River rejette aussi la délocalisation du match retour de la finale de la Copa Libertadores

AFP

"Le club estime que cette décision dénature la compétition, porte préjudice à ceux qui ont acheté leurs tickets et porte atteinte à l'équité, faute de match à domicile", indique River Plate dans un communiqué.

Initialement programmée le 24 novembre au stade Monumental de River Plate, la rencontre a été reportée en raison de l'attaque de l'autocar transportant les joueurs de Boca Juniors, quelques heures avant ce match à haute tension.

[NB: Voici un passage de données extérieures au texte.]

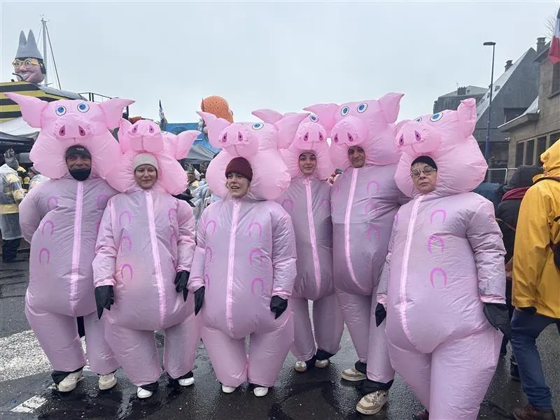 Des cochons qui sont venus de Fresnay-sur-Sarthe (Sarthe). Leur premier carnaval de Granville. \
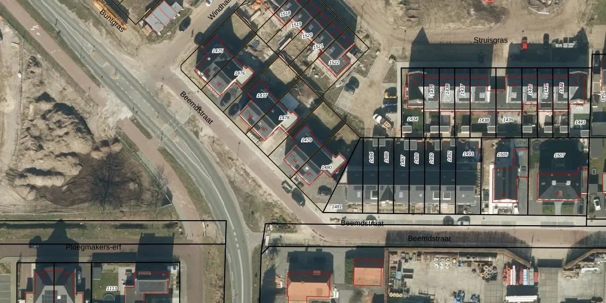 Gebruik de zoekbalk of klik op een perceel voor informatie over de adressen binnen dit perceel.

La Conmebol a finalement décidé jeudi que le match se jouerait le 9 décembre à 20h30 au stade Santiago Bernabéu, l'enceinte du Real Madrid.

Pour River, la "faille dans la sécurité publique" en amont du match retour n'est "d'aucune façon de la responsabilité du club", les incidents ayant eu lieu "en dehors du périmètre prévu pour l'événement".

"Il est incompréhensible que le +superclasico+ ne puisse se dérouler normalement dans le pays qui, en ce moment même, accueille un sommet du G20", pointe le club de Buenos Aires qui refuse que des spectateurs soient privés "de façon injustifiée" du match à cause du "coût" et de la "distance" du "lieu choisi".

Dans un communiqué diffusé quelques heures auparavant, le club rival de Boca Juniors indique qu'il va porter l'affaire devant la chambre d'appel de la Conmebol, et éventuellement devant le Tribunal arbitral du sport (TAS).

Après les incidents violents du week-end dernier, Boca avait saisi le tribunal de discipline de la Conmebol pour réclamer la victoire sur tapis vert, estimant que River Plate devait être sanctionné, l'autocar ayant été pris pour cible par des supporteurs de River.